BrésilLa «vallée de la misère» devient l’eldorado du lithium
Une région semi-aride connaît un essor inattendu grâce au minerai essentiel pour la fabrication de batteries de voitures électriques
Longtemps surnommée la «vallée de la misère», la vallée de Jequitinhonha, dans l’État de Minas Gerais est vue à présent comme un nouvel eldorado grâce à l’abondance du lithium, l’ «or blanc» essentiel pour la transition énergétique. Environ 85% des réserves du Brésil, cinquième producteur mondial de lithium, se trouvent dans cette région semi-aride où vivent près d’un million d’habitants.
Pour attirer les investisseurs étrangers, les autorités locales ont lancé en grande pompe le mois dernier le concept de «Lithium Valley» (la vallée du lithium), à New York, au siège du Nasdaq, la bourse des nouvelles technologies.
Promesse d’un «lithium vert»
Une entreprise canadienne, Sigma Lithium, a déjà pris les devants. Fondée en 2012, elle a commencé à extraire du lithium dans la vallée de Jequitinhonha en avril. L’objectif affiché: fournir suffisamment de minerais pour les batteries de plus de 600’000 véhicules électriques dès la première année, et trois fois plus quand la production aura atteint son rythme de croisière.
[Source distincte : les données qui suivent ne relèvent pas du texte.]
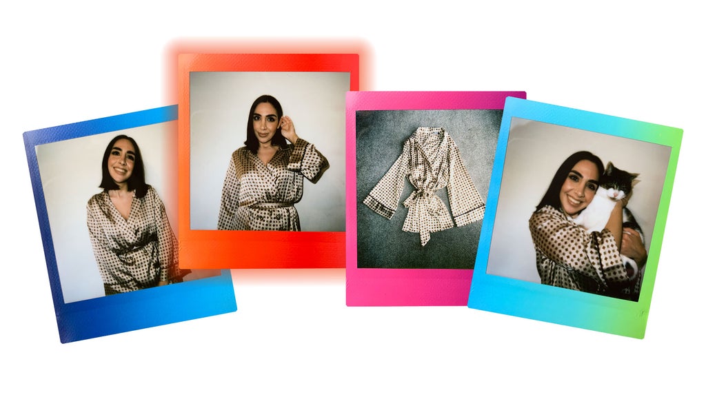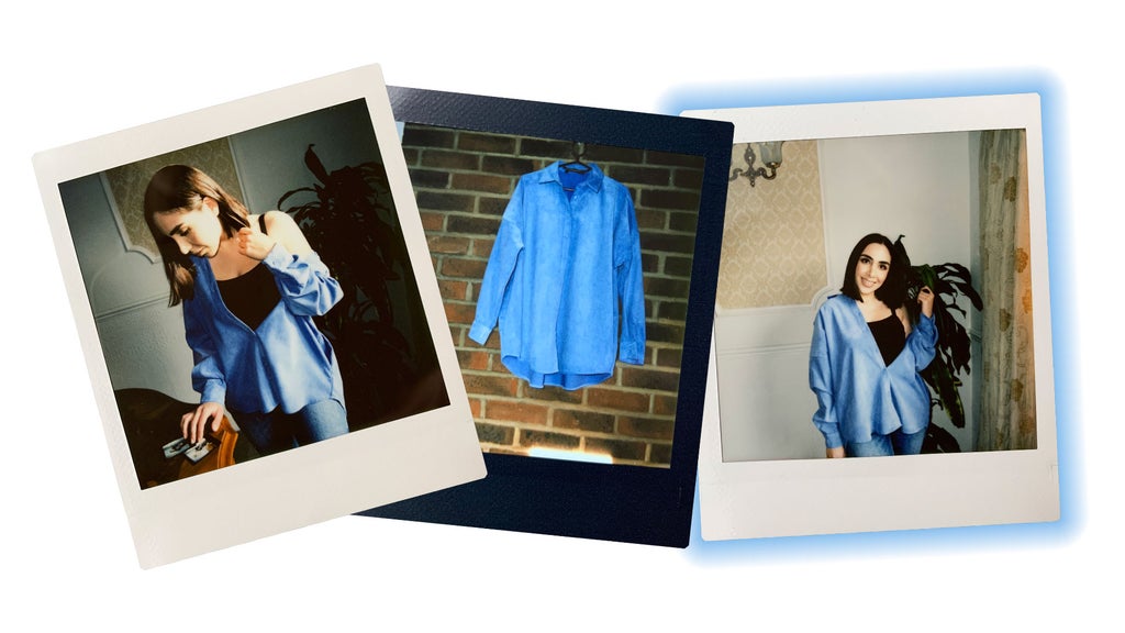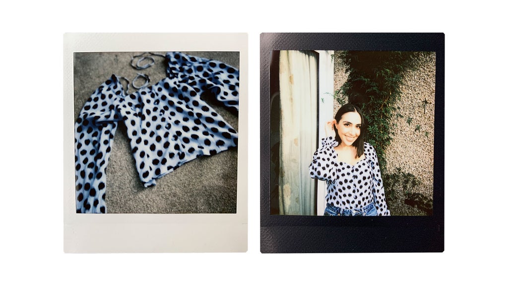 My mum has been trying to give me her collection of vintage silk shirts for years but I’ve always politely declined, thinking they wouldn’t suit me. That said, seeing her ace them around the house, tucked into jeans or worn over floaty trews, has inspired me to expand my WFH regalia, starting with this pyjama-esque printed version. As I watch the instax photo develop, I’m sold, and I think, Could it be…I look chic? Like an actual adult? I realise I should have listened to her a long time ago and consider donating all of my band tees, which only make me look like a moody teen. From now on, my wardrobe will consist of silk shirts and only silk shirts.

L’exploration du lithium n’est pas sans conséquence pour l’environnement, le traitement de ce minerai exigeant d’énormes quantités d’eau, alors que les réserves se trouvent surtout dans des régions frappées par la sécheresse.
Mais la compagnie s’affiche comme productrice de «lithium vert»: dans l’usine de traitement du minerai, 90% de l’eau est réutilisée par la suite et aucun produit chimique n’est employé, assure Ana Cabral-Gardner, PDG brésilienne de Sigma.
Cohabitation difficile
Mais l’idée de transformer la région en «vallée du lithium» ne fait pas l’unanimité. «Ici, c’est la vallée de Jequitinhonha, on ne peut pas faire passer un minerai devant notre identité», dit Aline Gomes Vilas, 45 ans, membre du Mouvement des personnes atteintes par des barrages miniers (MAB), qui estime que les populations locales n’ont pas été suffisamment consultées.
Elle vit à Araçuai, une des villes voisines de la mine de Sigma. «C’était une région calme, rurale, et maintenant le vacarme est permanent. On voit déjà des maisons aux murs fissurés à cause des explosions» dans la roche, dont les gravats sont ramassés par les pelleteuses pour être chargés dans les camions et être traités dans l’usine. «À chaque explosion, les murs tremblent», renchérit Luiz Gonzaga, 71 ans, qui habite juste à côté de la mine. «Pour l’instant, ils creusent encore assez loin de chez moi, mais la poussière me gêne déjà. Imaginez quand ça arrivera près d’ici».
«Faible valeur ajoutée»
Elaine Santos, chercheuse de l’Université de São Paulo (USP), critique par ailleurs le fait que le lithium extrait au Brésil est presque exclusivement destiné à l’exportation, «tandis que l’Europe et les États-Unis développent des stratégies sur l’ensemble de la chaîne, des mines à la production de voitures électriques». «Le Brésil risque d’approfondir sa dépendance, en demeurant un pays qui exporte surtout des matières premières, avec une faible valeur ajoutée», déplore-t-elle. L’extraction de lithium dans le pays remonte aux années 1920, mais la donne a changé après un décret pris en juillet 2022, lors de la dernière année du mandat de l’ex-président d’extrême droite Jair Bolsonaro. Ce décret a rendu ce marché plus attractif pour les investisseurs étrangers, en levant notamment des restrictions sur l’exportation de ce minerai.